Exercise data
►

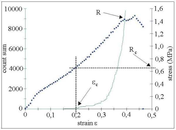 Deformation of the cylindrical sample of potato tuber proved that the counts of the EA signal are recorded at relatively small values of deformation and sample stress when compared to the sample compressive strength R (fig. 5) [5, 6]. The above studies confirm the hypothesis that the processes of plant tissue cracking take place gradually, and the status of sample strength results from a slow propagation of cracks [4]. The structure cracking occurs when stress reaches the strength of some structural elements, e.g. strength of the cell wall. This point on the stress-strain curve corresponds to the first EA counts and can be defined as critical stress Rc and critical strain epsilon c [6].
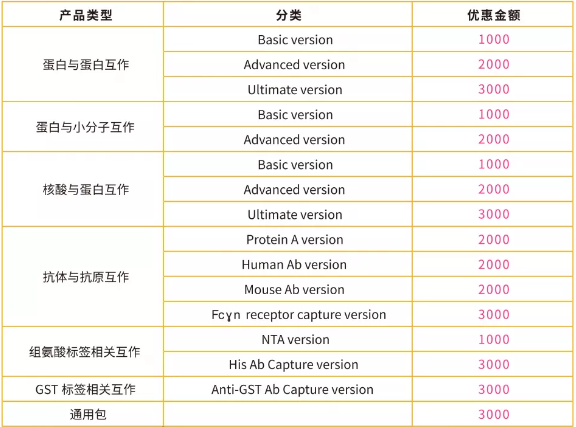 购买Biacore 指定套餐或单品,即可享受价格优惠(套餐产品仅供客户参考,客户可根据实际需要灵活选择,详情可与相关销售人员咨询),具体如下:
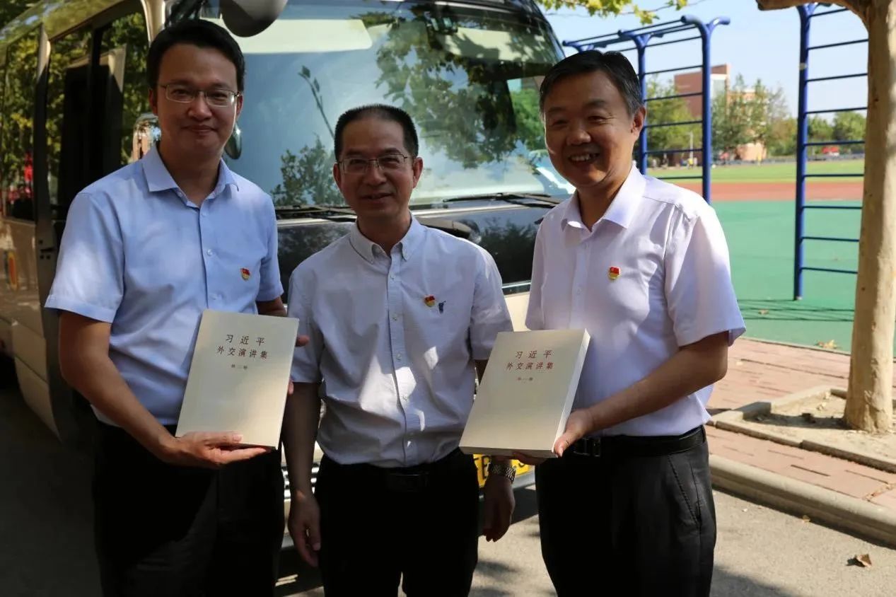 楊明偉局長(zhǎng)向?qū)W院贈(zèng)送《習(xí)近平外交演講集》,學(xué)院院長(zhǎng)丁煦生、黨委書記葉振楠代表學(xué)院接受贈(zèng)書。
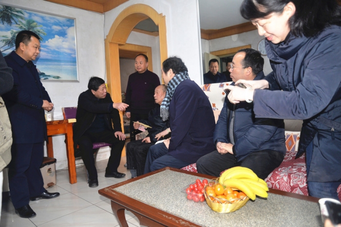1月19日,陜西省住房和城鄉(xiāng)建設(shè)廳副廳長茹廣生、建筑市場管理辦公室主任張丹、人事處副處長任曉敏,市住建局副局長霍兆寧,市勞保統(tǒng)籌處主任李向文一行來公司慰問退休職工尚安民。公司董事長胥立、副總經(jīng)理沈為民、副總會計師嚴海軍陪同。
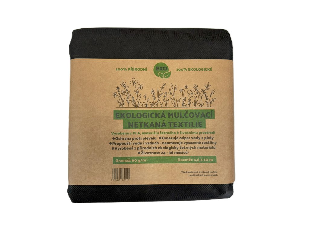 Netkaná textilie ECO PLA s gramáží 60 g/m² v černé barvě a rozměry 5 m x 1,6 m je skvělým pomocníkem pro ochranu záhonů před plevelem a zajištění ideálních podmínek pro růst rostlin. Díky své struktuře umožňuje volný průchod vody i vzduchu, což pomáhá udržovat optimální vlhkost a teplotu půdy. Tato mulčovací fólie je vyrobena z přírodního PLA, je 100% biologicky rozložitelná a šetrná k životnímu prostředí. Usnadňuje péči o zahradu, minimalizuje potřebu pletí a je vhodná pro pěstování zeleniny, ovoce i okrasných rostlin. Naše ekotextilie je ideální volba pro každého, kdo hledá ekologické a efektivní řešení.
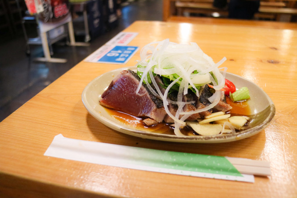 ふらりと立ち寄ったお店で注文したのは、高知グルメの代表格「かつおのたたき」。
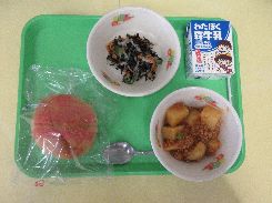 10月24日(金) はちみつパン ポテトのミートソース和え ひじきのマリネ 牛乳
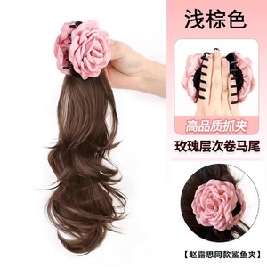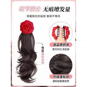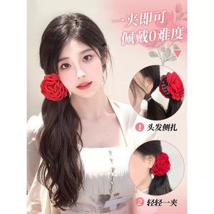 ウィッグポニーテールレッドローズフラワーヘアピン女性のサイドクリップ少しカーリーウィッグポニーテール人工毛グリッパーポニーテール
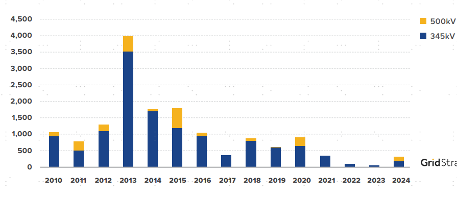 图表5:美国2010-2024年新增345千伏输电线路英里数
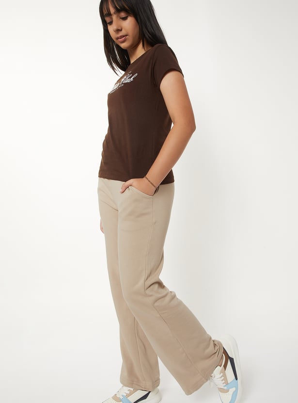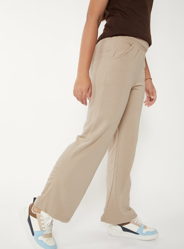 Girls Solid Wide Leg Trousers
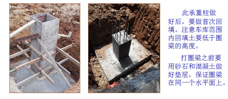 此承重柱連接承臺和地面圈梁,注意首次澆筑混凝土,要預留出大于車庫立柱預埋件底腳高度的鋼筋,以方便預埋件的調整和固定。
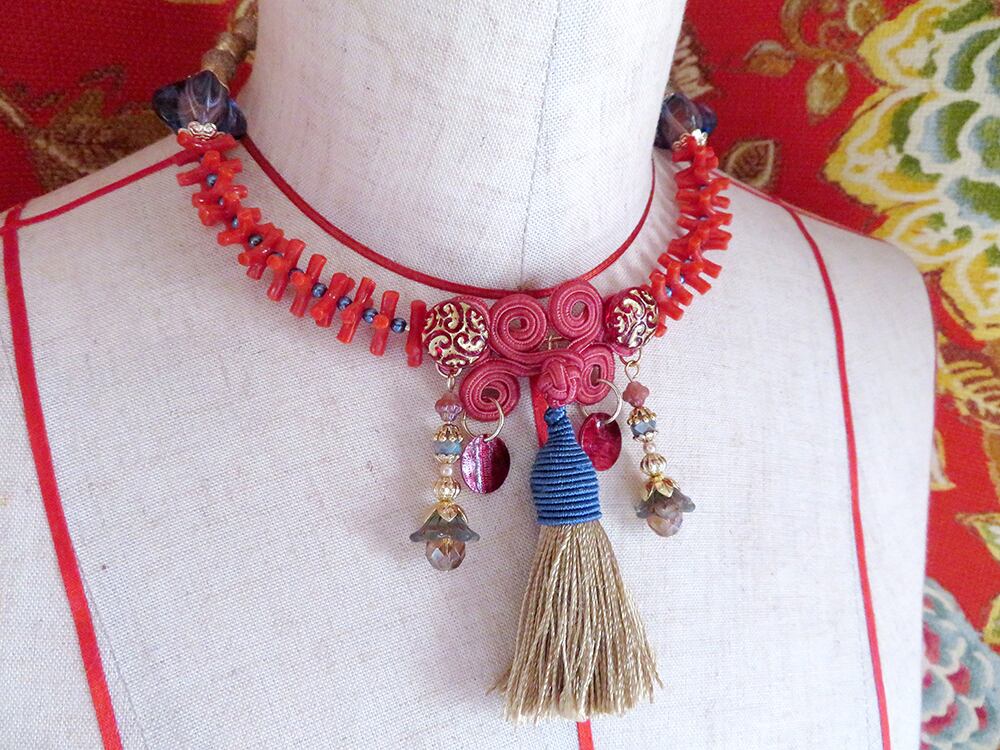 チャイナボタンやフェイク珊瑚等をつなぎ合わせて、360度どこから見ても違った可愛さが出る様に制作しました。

◄
►

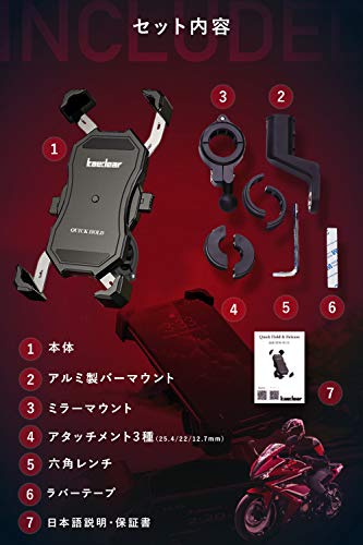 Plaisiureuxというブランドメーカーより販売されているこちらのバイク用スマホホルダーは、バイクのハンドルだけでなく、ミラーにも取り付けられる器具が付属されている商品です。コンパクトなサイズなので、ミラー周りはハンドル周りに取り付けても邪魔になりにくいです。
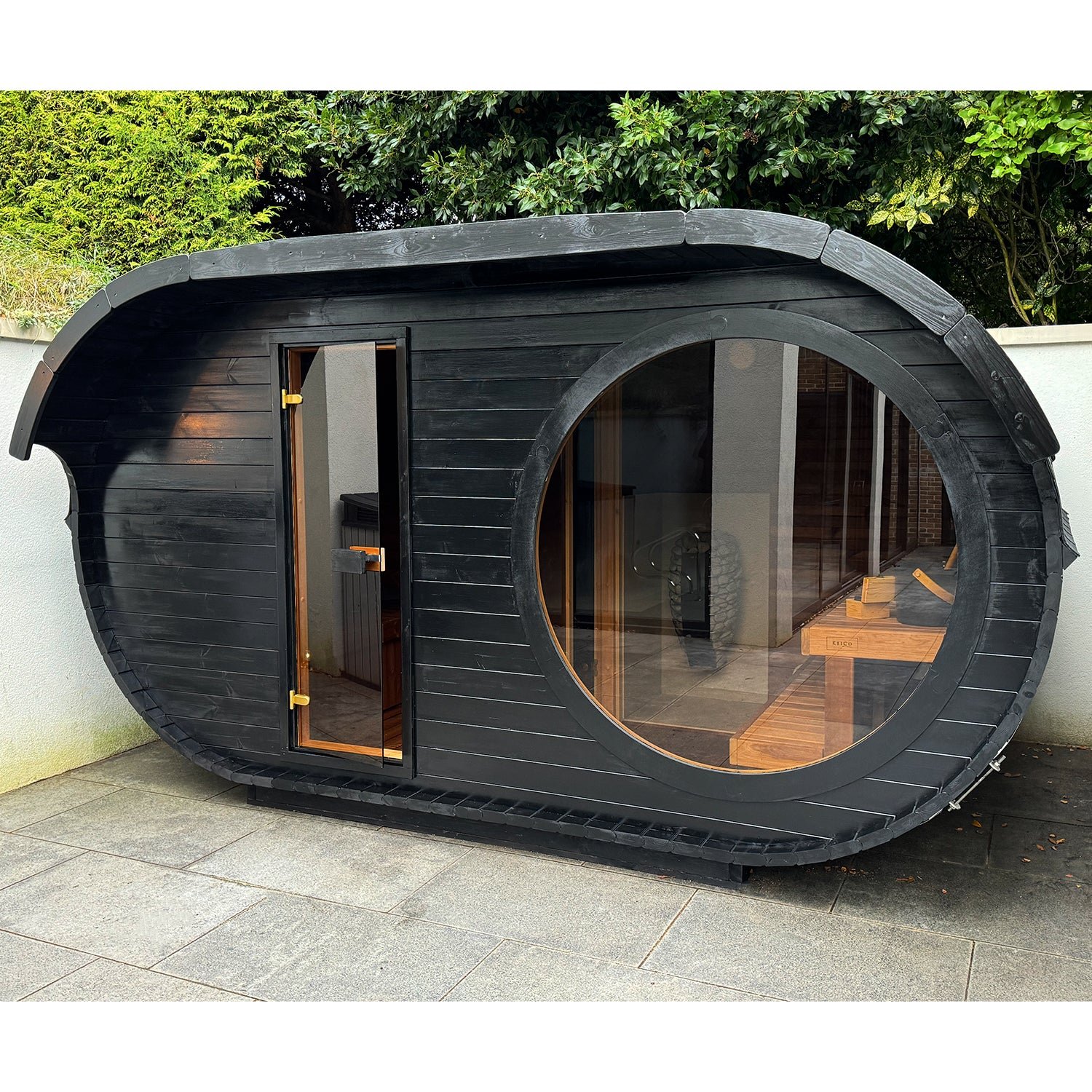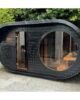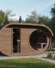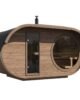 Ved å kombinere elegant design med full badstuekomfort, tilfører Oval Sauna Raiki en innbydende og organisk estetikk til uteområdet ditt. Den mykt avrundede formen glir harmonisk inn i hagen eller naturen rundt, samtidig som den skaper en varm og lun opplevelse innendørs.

◄
►

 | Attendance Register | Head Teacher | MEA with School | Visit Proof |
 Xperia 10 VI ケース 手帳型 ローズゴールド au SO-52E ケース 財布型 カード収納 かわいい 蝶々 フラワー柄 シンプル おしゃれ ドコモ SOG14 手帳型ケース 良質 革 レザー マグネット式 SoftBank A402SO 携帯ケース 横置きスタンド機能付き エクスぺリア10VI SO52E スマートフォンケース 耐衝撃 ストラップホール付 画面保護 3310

◄

Task description
Look above for the line with "Plaisiureuxという" and the line with "Ved å kombinere", then copy exactly the lines from the first through the second, both kept, with no pictures.

Output of the exercise
 Plaisiureuxというブランドメーカーより販売されているこちらのバイク用スマホホルダーは、バイクのハンドルだけでなく、ミラーにも取り付けられる器具が付属されている商品です。コンパクトなサイズなので、ミラー周りはハンドル周りに取り付けても邪魔になりにくいです。
 Ved å kombinere elegant design med full badstuekomfort, tilfører Oval Sauna Raiki en innbydende og organisk estetikk til uteområdet ditt. Den mykt avrundede formen glir harmonisk inn i hagen eller naturen rundt, samtidig som den skaper en varm og lun opplevelse innendørs.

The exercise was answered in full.